Some children and adults develop muscle weakness that makes walking, breathing, or even holding up the head difficult. This study looks at a rare muscle condition called Dusty Core Disease, in which tiny patches inside muscle cells lose their normal structure. By tracing how changes in a single gene shape this disorder, the researchers show that it can affect both children and adults and can be inherited in more than one way, information that matters for diagnosis, counseling, and future care.

A Closer Look at a Rare Muscle Problem

Core myopathies are inherited muscle diseases where portions of muscle fibers, known as cores, stop working properly. Dusty Core Disease is a newly described subtype, named for its irregular, patchy areas filled with granular material that look “dusty” under the microscope. Until now, this pattern had only been seen in people who carried harmful changes in both copies of a muscle gene called RYR1 and who typically became weak early in life. The Italian team behind this study set out to examine four patients with the dusty pattern in their muscle biopsies and to connect what doctors saw in the clinic, under the microscope, and in the patients’ DNA.

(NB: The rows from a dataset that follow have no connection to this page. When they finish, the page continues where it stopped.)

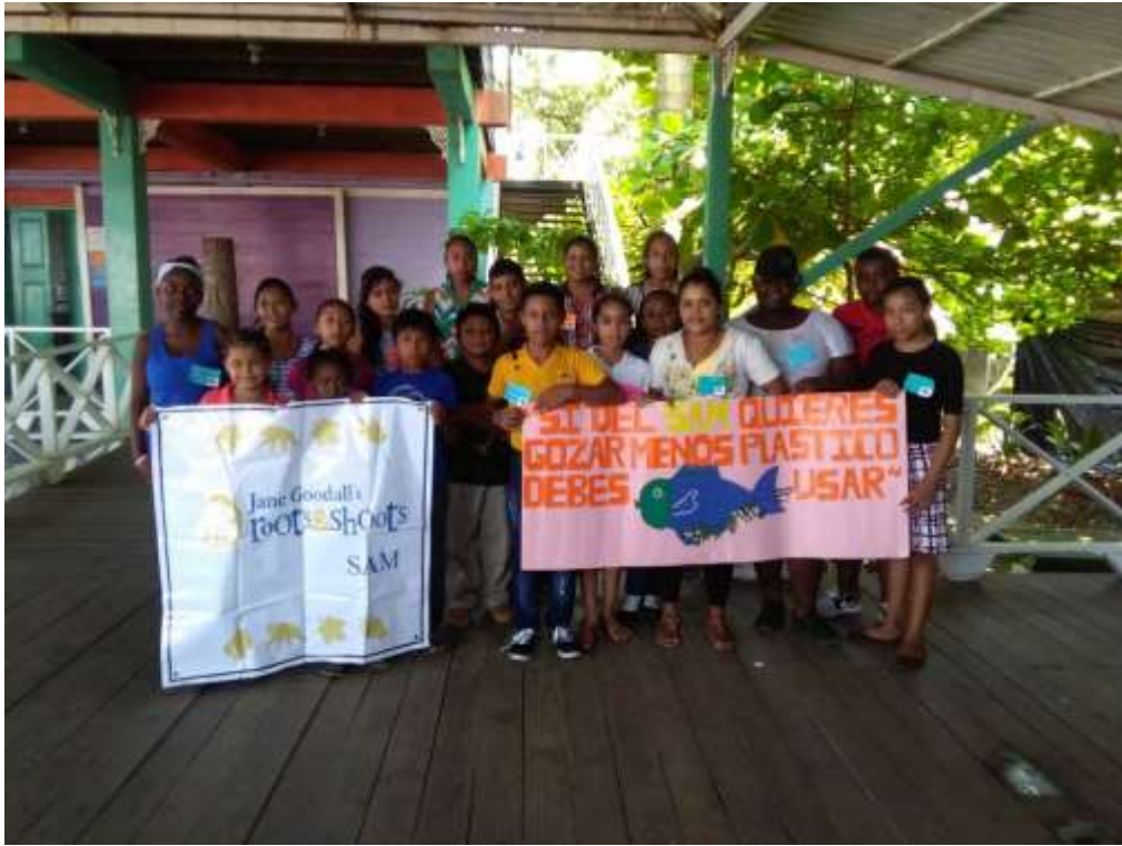
Anexo 36. Representantes de la organización de EcoLogic.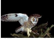
Hibou moyen duc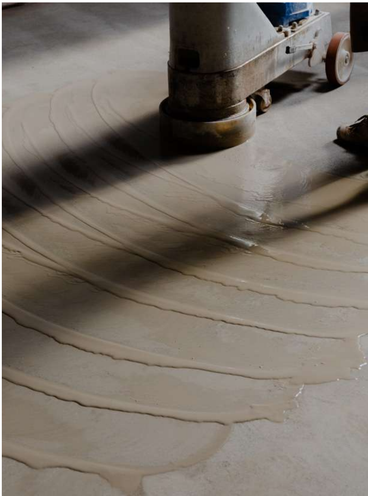
Levigatura della superficie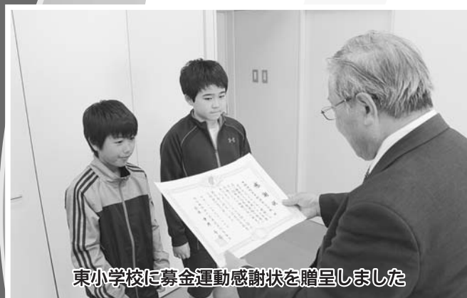
東小学校に募金運動感謝状を贈呈しました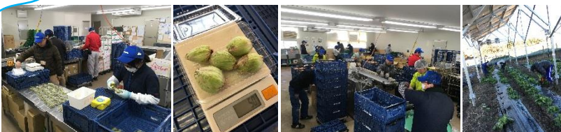
ふきのとうの収穫、選果

じゃがいも、玉ねぎの袋詰め(機械)、ふきのとうの収穫、選果、白菜畑のマルチはがしなど。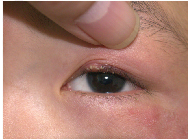
Figura 1 Apresentação clínica: eritema com descamação discreta na pele periorcular e papulopústulas leitosas do tamanho de sementes de gergelim na pálpebra superior esquerda.

A dermatofitose é infecção fúngica superficial comum, geralmente causada por Trichophyton rubrum . Pés, tronco e unhas são os locais mais afetados. As características de uma lesão típica consistem em uma clareira central, cercada por borda elevada progressiva, eritematosa, descamativa e com vesículas, que também podem aparecer na borda da área afetada com o aumento da inflamação. 1 A blefarite é doença inflamatória crônica das pálpebras, com sintomas complexos, geralmente causada por colonização bacteriana e ácaros Demodex . 2 No entanto, alguns dos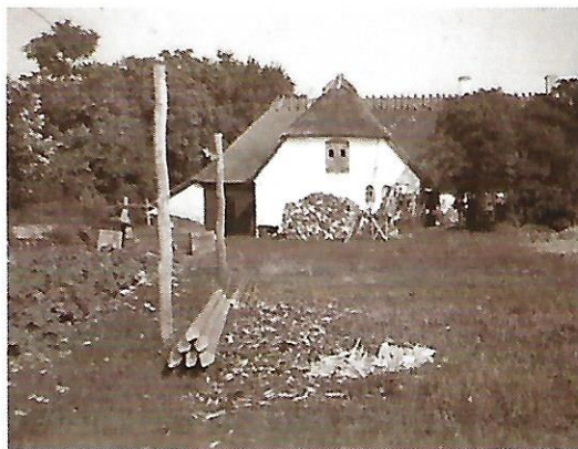
Huset og Vornæs Skov set fra stranden.

Der var i øvrigt jollefart til Skarø fra dette sted. Jeg husker, at der tit i porten var parkeret cykler, som tilhørte de mennesker, som var taget en tur til Skarø.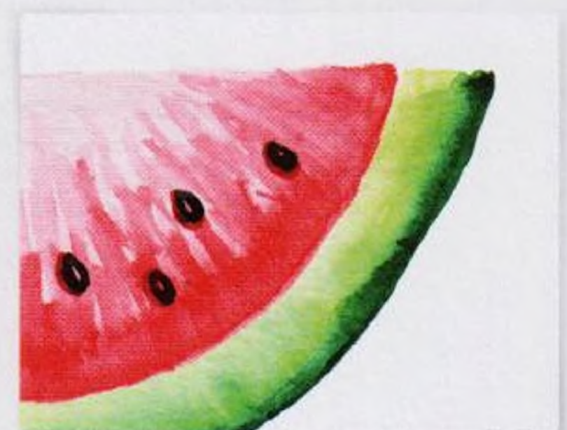
44 | Vodní meloun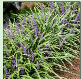
LIRIOPE Liriope spicata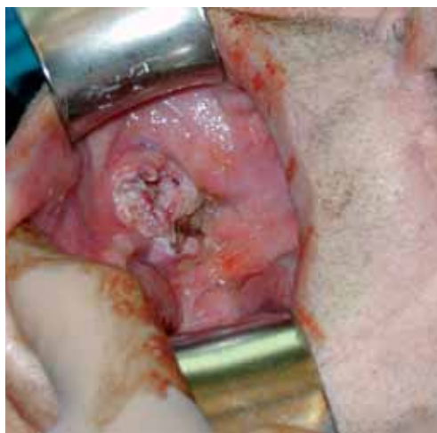
Slika 4. Napredoval karcinom v predelu retromolarnega trigonuma. Klinično in patohistološko T4 N2bM0 karcinom.

Tudi levkoplakija se podobno kot ploščatocelični karcinom pojavlja dvakrat pogosteje pri moških in verjetnost, da bo prišlo do maligne preobrazbe, je pri moških večja. Levkoplakija je najpogostejša kronična sprememba v ustni votlini, ki v našem geografskem prostoru prizadene okrog 3% populacije. Levkoplakije v ustih se lahko s časom spreminjajo. Posebnost levkoplakij je v tem, da dolgotrajna prisotnost levkoplakičnih sprememb ne kaže na neškodljivo naravo sprememb, ampak se s trajanjem levkoplakičnih sprememb večja verjetnost maligne preobrazbe. Starejša kot je levkoplakija, slabša je njena prognoza.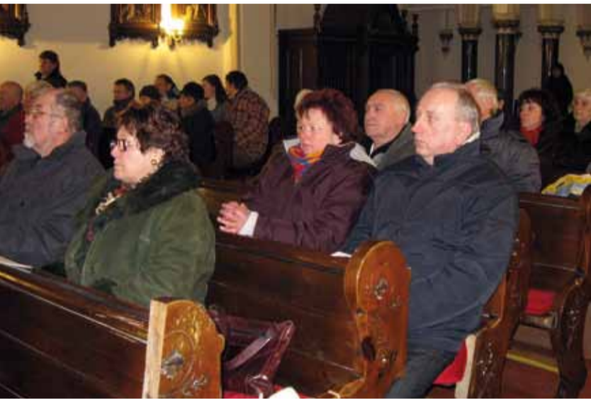
Není mu lhostejný osud historických památek, například hrušovského kostela, který zoufale volá o pomoc.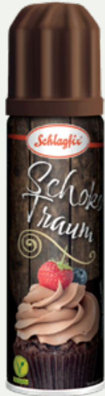
96 | SCHLAGFIX Schokotraum, 200ml Art.-Nr.: A007962 VPE: 12 Stück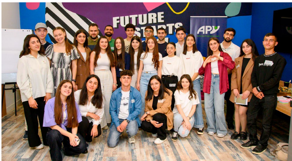
Akademie aktivního občanství v Arménii

Během prvního květnového workshopu jsme se zaměřili na to, co vlastně znamená být aktivním občanem. Druhý workshop se věnoval digitálnímu aktivismu, kde se mládež učila, jak efektivně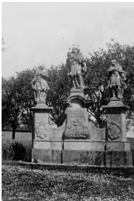
Sousoší s chybějícími bočními postavami světců, 2010 Sousoší na okraji poblednice z počátku 20. století

Autorem sousoší o rozměrech 60 x 270 x 51 cm, posazeného pod jihovýchodním svahem kopce Veliše, je nejspíše sochař Martin Krupka. Tři samostatné sochy světců stály na mírně prohnuté základně s prostředním vyvýšeným soklem s profilovanou, vpředu vytaženou segmentovou římsou. Ústřední postavou je sv. Jan Nepomucký, po pravé straně jej doplňoval sv. Donát na hranolovém soklu a vlevo na stejném podstavci sv. Vavřinec.

Figure 1. How rare gene changes reshape muscle fibers and cause different levels of weakness in children and adults.
Figure 1. How rare gene changes reshape muscle fibers and cause different levels of weakness in children and adults.

How the Calcium Gate in Muscle Can Go Wrong

The RYR1 gene provides the blueprint for a large channel that controls the release of calcium inside muscle cells, a key step that allows muscles to contract. The protein sits in a specialized region of muscle and works closely with a partner channel that senses electrical signals. When RYR1 is altered, calcium release can be too weak, too strong, or poorly coordinated, which in turn weakens the muscle and disrupts its inner scaffolding. In all four patients, the researchers found rare changes in important stretches of the RYR1 gene, including two variants that had never been reported before. Some changes reduced the amount of RYR1 protein made, while others altered critical contact points needed for normal channel function.

Patients from Childhood to Midlife

The four individuals ranged from young children to middle-aged adults and showed a spectrum of severity. Two girls had early-onset, severe weakness with joint contractures and spinal curvature, and one needed a wheelchair and breathing support. Two adults, a man and a woman, developed milder weakness later in life, with problems such as difficulty climbing stairs or holding up the head, but they remained able to walk. One woman came from a family where several relatives were affected, indicating that a single altered copy of RYR1 was enough to cause disease. This contrasts with the two pediatric cases, where either both copies of RYR1 were changed or one change led to loss of the affected copy’s product.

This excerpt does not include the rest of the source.